▽
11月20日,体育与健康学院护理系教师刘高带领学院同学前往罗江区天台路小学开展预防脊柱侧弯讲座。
△
▽
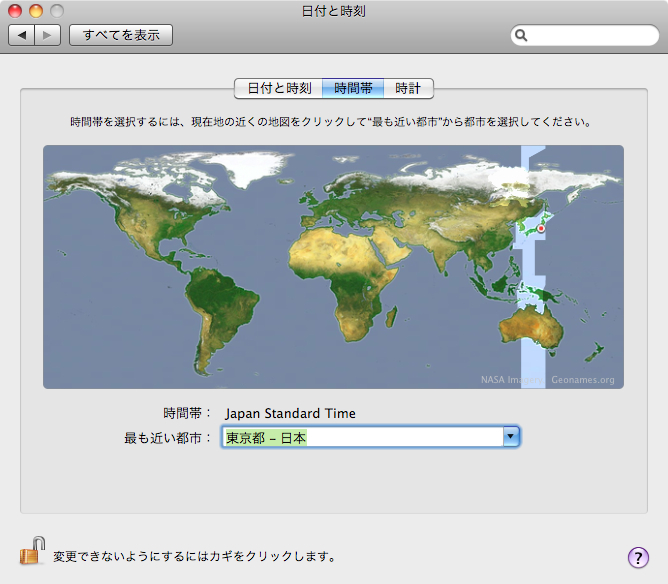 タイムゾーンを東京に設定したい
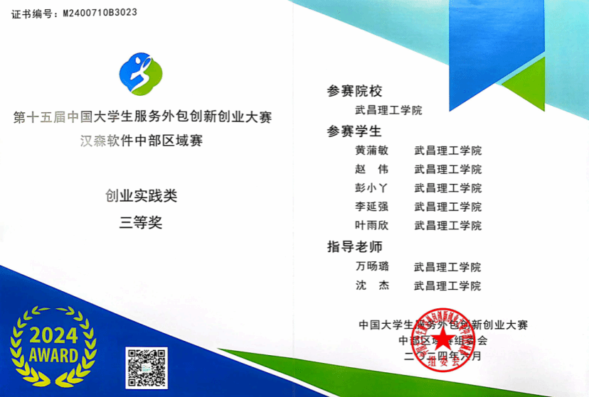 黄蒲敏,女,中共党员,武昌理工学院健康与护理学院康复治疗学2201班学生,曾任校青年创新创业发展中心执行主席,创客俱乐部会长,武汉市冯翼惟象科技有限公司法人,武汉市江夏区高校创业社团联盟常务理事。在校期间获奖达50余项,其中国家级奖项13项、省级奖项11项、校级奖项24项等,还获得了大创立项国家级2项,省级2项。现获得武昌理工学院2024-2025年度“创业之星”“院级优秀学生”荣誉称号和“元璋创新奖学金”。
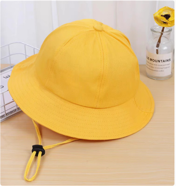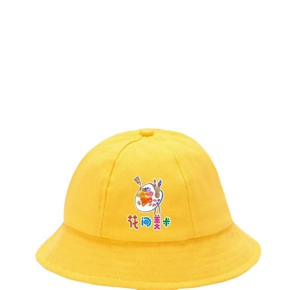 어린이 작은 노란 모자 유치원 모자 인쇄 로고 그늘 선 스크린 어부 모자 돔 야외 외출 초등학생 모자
△
Above are the records; return the lines in them from the one with "黄蒲敏,女,中共党员,武昌理" to the one with "어린이 작은 노란 모자", inclusive, exactly and without images.

Solution for this exercise:
 黄蒲敏,女,中共党员,武昌理工学院健康与护理学院康复治疗学2201班学生,曾任校青年创新创业发展中心执行主席,创客俱乐部会长,武汉市冯翼惟象科技有限公司法人,武汉市江夏区高校创业社团联盟常务理事。在校期间获奖达50余项,其中国家级奖项13项、省级奖项11项、校级奖项24项等,还获得了大创立项国家级2项,省级2项。现获得武昌理工学院2024-2025年度“创业之星”“院级优秀学生”荣誉称号和“元璋创新奖学金”。
 어린이 작은 노란 모자 유치원 모자 인쇄 로고 그늘 선 스크린 어부 모자 돔 야외 외출 초등학생 모자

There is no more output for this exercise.